The objective function ${F}_{con}$ is used to minimize the distribution losses for a period of one day. ${P}_{LBinv}$, ${Q}_{LBinv}$, ${Q}_{PVinv}$, ${T}_{k}$ are determined as control variables. ${N}_{node}$ means the number of distribution nodes. This function is used to find the optimal reference value of cooperative operation. In the proposed incentive approach, the objective function is updated as follows:

$$min:{F}_{inc}({P}_{LBinv},{Q}_{LBinv},{Q}_{PVinv},{T}_{k})=\sum _{t=1}^{24}\sum _{i=1}^{{N}_{node}}({P}_{Loss,i}\left(t\right)-{\upsilon}_{i}\left(t\right))$$

#### 3.2. Constraints

**Robust voltage range for PV installation:**

Generally, all nodes’ voltage constraint is expressed as Equation (5):

$${V}_{min}\le {V}_{m}\left(t\right)\le {V}_{max}.$$

A stipulated voltage range of a low voltage distribution area under a pole transformer is set to be within 101 ± 6 V in the Electricity Act of Japan. According to [20], the distribution voltage will fluctuate up to 6.5 V in a low voltage area under the high penetration of RES. In order to preserve robustness, thus a restriction has been put on the general voltage limit (95–107 V) as 101.5 V–105 V in this work. By configuring all pole transformers at a transformation ratio of 6600 V:105 V, the ${V}_{min}$ and ${V}_{max}$ are assigned 6380/101.5 V (0.967 pu) and 6600/105 V (1.0 pu), respectively.

**Power flow constraints regarding reverse power flow and the power factor:**

The active and reactive power flow constraints at an interconnected point are written as follows:

$${P}_{f}^{min}\left(t\right)\le {P}_{f}\left(t\right)\le {P}_{f}^{max}\left(t\right)$$

$${Q}_{f}^{min}\le {Q}_{f}\left(t\right)\le {Q}_{f}^{max}$$

To compensate for reverse power flow in the static simulation, a flexible boundary is set as the active power flow. In order to avoid unnecessary use of control devices, the active power flow limit is shaped in such a way that a lower amount of control is necessary. Distribution losses also depend on power flow fluctuation; hence, the bandwidth of active power flow is set to $\pm 0.25$ pu. It is essential to note that the bandwidth and shape should be set by considering the installation rate of PV amount and the load curve profile. On the other hand, the acceptable range of reactive power flow considers the power factor (PF) value, which depends on active power flow [42].

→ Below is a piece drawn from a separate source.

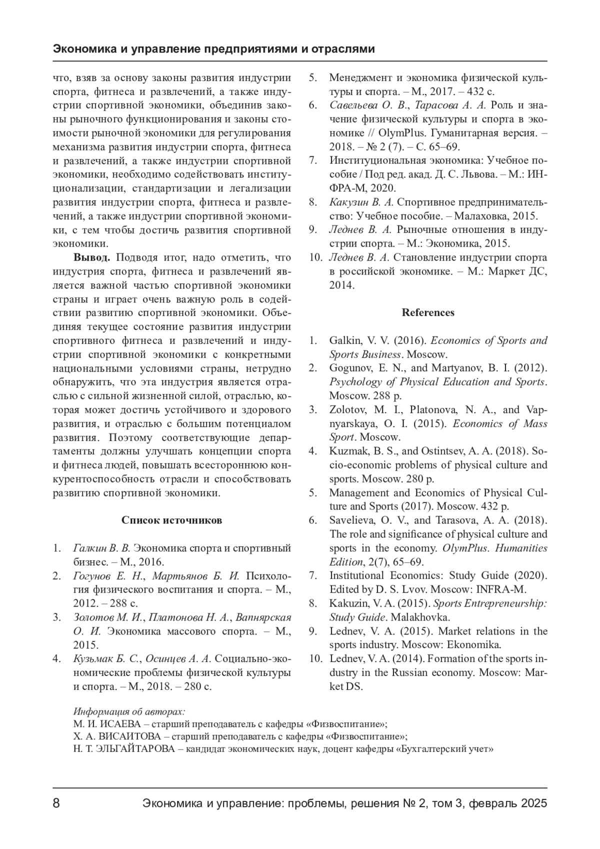 1. Галкин В. В. Экономика спорта и спортивный бизнес. - М., 2016.

The PF of the interconnection point is maintained from 0.85–1.0. Reactive power flow limits are determined from the active power flow value. Thus, the upper and lower reactive power limit are rewritten as follows:

$${Q}_{f}^{min}\left(t\right)=-{P}_{f}\left(t\right)\ast tan({cos}^{-1}(0.85))$$

$${Q}_{f}^{max}\left(t\right)={P}_{f}\left(t\right)\ast tan({cos}^{-1}(0.85)).$$

**BESS configuration and operation:**

To suppress large fluctuations of power flow at the interconnection point, the power flow constraint is supported by using the BESS at the substation. The power controller of BESS is shown in Figure 3b. The optimized control reference signal is generated based on the forecasted information. In this paper, the BESS is assumed to have NASbatteries; the charge/discharge efficiency of the BESS is 80%; whilst the self-discharging of the BESS is not considered. These constraints are described as follows:

$$\sqrt{{P}_{LBinv}^{2}\left(t\right)+{Q}_{LBinv}^{2}\left(t\right)}\le {S}_{LBinv}$$

$${\zeta}_{LB}(t+1)=\left\{\begin{array}{cc}{\zeta}_{LB}\left(t\right)-\frac{{P}_{LB}\left(t\right)/\eta}{{C}_{LB}}\hfill & ({P}_{LB}(t)\ge 0)\hfill \\ {\zeta}_{LB}\left(t\right)-\frac{{P}_{LB}\left(t\right)\xb7\eta}{{C}_{LB}}\hfill & ({P}_{LB}\left(t\right)<0)\hfill \end{array}\right.$$

$$20\le {\zeta}_{LB}\left(t\right)\le 80\phantom{\rule{28.45274pt}{0ex}}[\%]$$

These equations are constraints regarding the large capacity BESS, considering battery SOC and the efficiency of charging and discharging.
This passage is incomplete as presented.